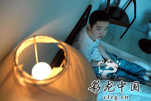 坐在床上白血病患者李萬宇 實習(xí)記者 曾永洪/作
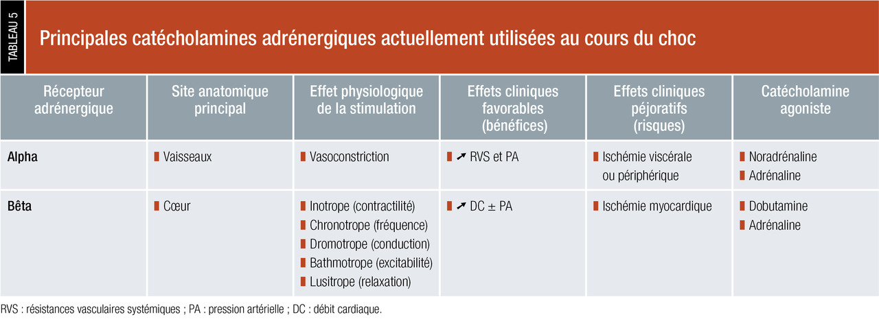 Les agonistes adrénergiques (catécholamines) sont utilisés en première intention car ils sont puissants et rapides, avec une demi-vie courte. La stimulation de chaque type de récepteur adrénergique a des effets potentiellement bénéfiques et néfastes (tableau 5) :- la noradrénaline est le vasopresseur de choix pour maintenir la pression artérielle ; elle possède principalement des propriétés alpha-adrénergiques, avec des effets b-adrénergiques modestes ;
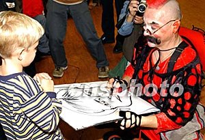 來自俄羅斯的莫斯科馬戲團(tuán)十二月十六日在香港舉行的演出發(fā)布會,在香港一家商場里馬戲團(tuán)小丑為小朋友即興畫像。中新社記者:錢興強(qiáng)
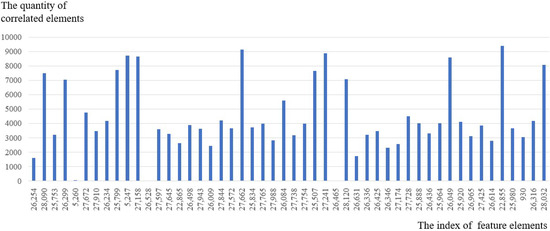 The 50 feature elements were sorted in descending order according to their stress amplitudes, and the number of correlated elements for each feature element was counted, as shown in Figure 8. The results showed that the number of finite elements that had a correlation with the 50 feature elements was 220,905, exceeding the total number of entire elements, which was 30,858. This indicates that there are multiple intersections among the 50 subsets, and fewer feature units can be used to obtain the full-field stress distribution.
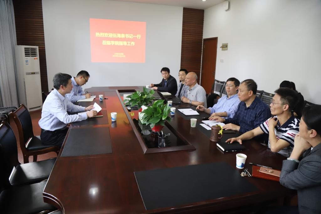 听取了学院情况汇报后,伍海泉书记肯定了学院党政领导班子所开展的各项工作,对于办学过程中存在的困难提出了指导性意见,强调了学院在建立之初,一定要加强党风廉政建设,加强各类风险的防范。同时,他特别提醒学院领导班子要注重团结与融合,凝心聚力,共同建好学院。

WHAT TO DO: Output a verbatim copy of the lines from the line containing "The 50 feature elements were" through the end of the data, both included, without any images.

EXERCISE SOLUTION:
 The 50 feature elements were sorted in descending order according to their stress amplitudes, and the number of correlated elements for each feature element was counted, as shown in Figure 8. The results showed that the number of finite elements that had a correlation with the 50 feature elements was 220,905, exceeding the total number of entire elements, which was 30,858. This indicates that there are multiple intersections among the 50 subsets, and fewer feature units can be used to obtain the full-field stress distribution.
 听取了学院情况汇报后,伍海泉书记肯定了学院党政领导班子所开展的各项工作,对于办学过程中存在的困难提出了指导性意见,强调了学院在建立之初,一定要加强党风廉政建设,加强各类风险的防范。同时,他特别提醒学院领导班子要注重团结与融合,凝心聚力,共同建好学院。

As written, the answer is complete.